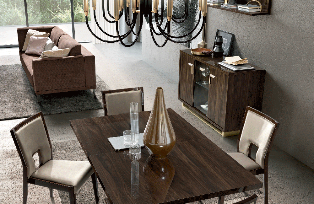 Exceptional New Volare Dining in high gloss walnut & gold color.
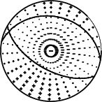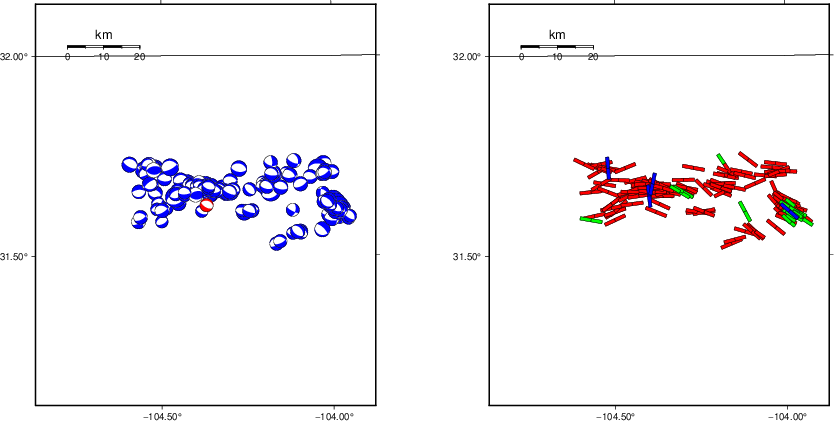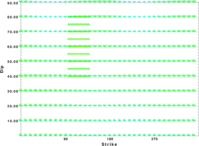 | Focal mechanism sensitivity at the preferred depth. The red color indicates a very good fit to the waveforms. Each solution is plotted as a vector at a given value of strike and dip with the angle of the vector representing the rake angle, measured, with respect to the upward vertical (N) in the figure. |
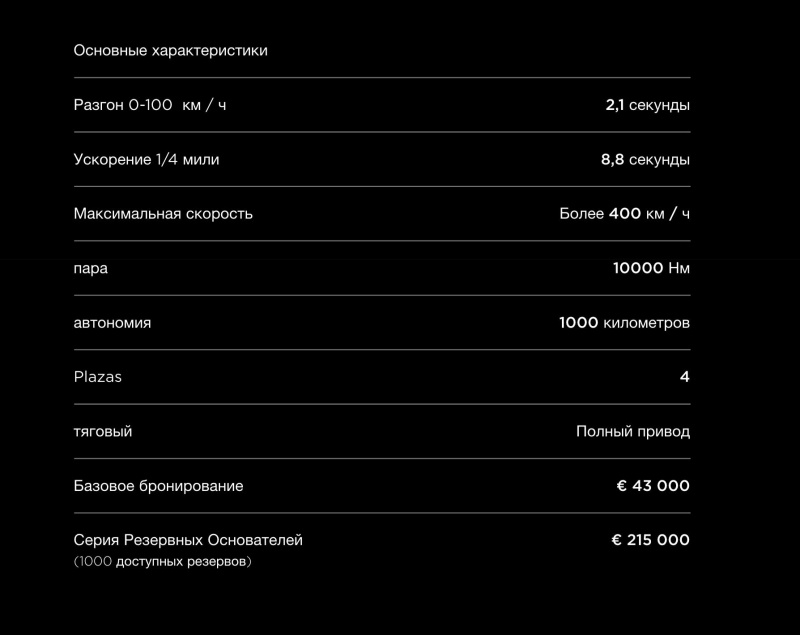 По существу? Ну, и фига из приведенной таблицы полезно? Время зарядки есть? Три часа? День? Двадцать минут? Автономность 1000. На какой скорости? Время торможения, средства безопасности, удобство управления, радиус поворота, модели шин... Человек взял неведому табличку и на основе этих мифических данных рассказал, что соперников нет. Ах, 0-100 за 2,8. Вау! Вы, со своими 2,9 более не конкуренты!
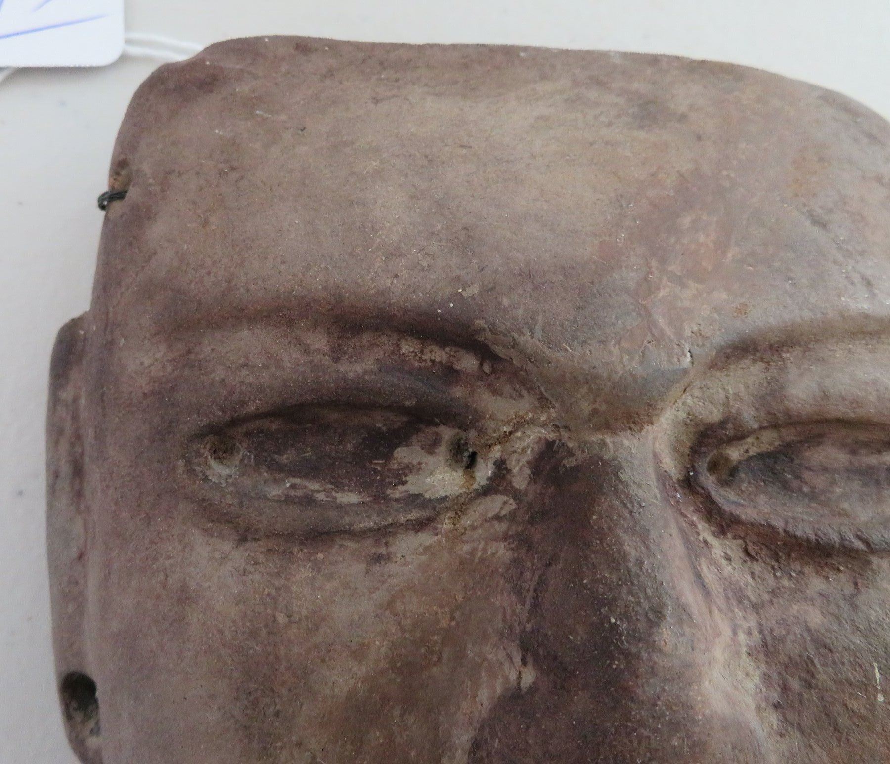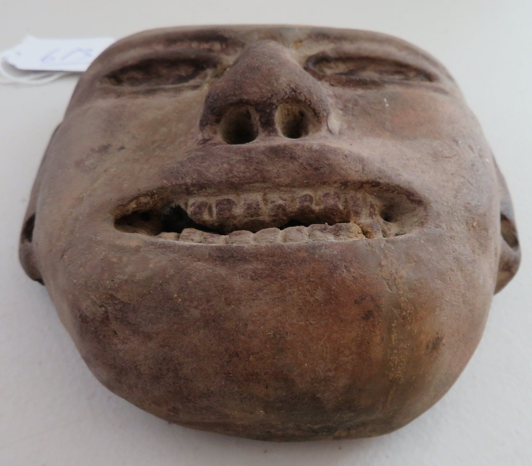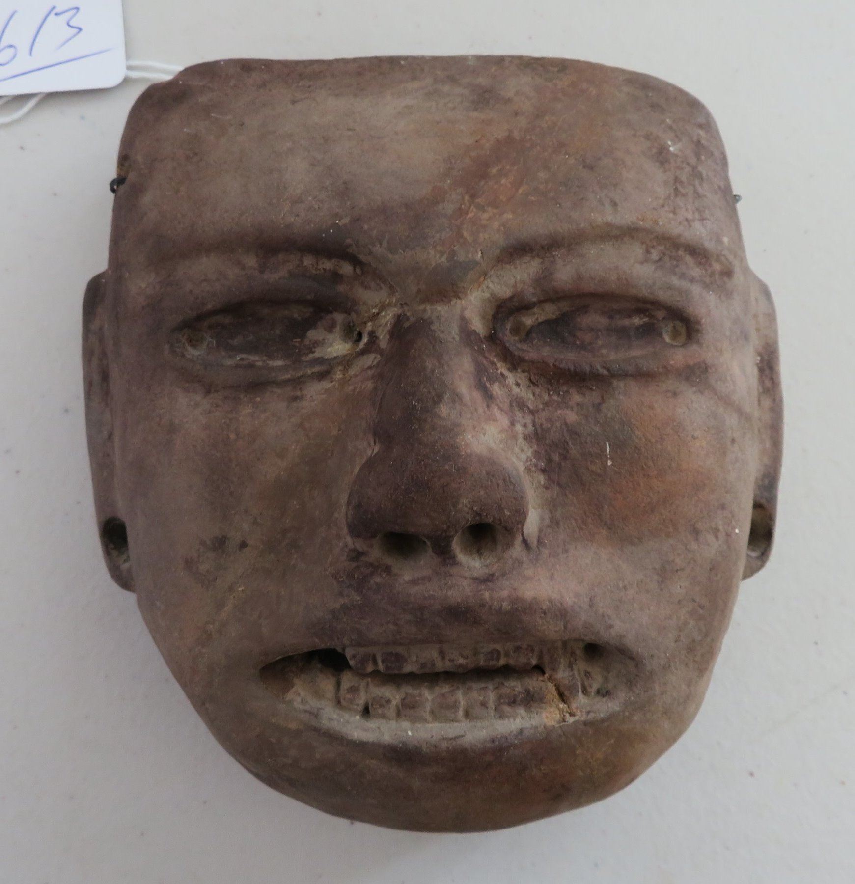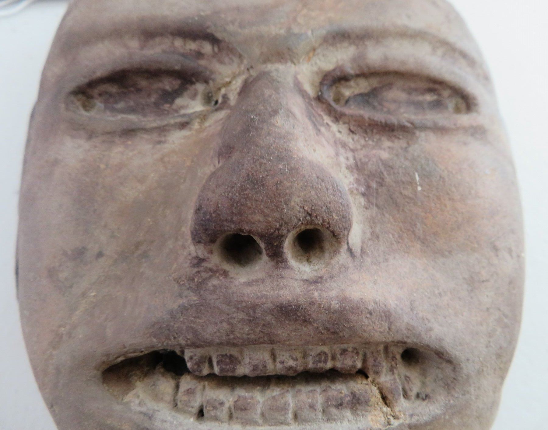 Pre-Columbian Stone Mask, pre-Columbian item. Made of sandstone, the item measures 6" x 5" x 3". Guerrero, Mexico. Condition: Broken and glued, see images. Shipping: $28.50 w/insurance and signature, due to value.

→ **Your assignment**
Give back the material exactly as written, from its first line to the line that contains "the figure. |", and leave out the pictures.

→ **Completed task**
 Exceptional New Volare Dining in high gloss walnut & gold color.
 | Focal mechanism sensitivity at the preferred depth. The red color indicates a very good fit to the waveforms. Each solution is plotted as a vector at a given value of strike and dip with the angle of the vector representing the rake angle, measured, with respect to the upward vertical (N) in the figure. |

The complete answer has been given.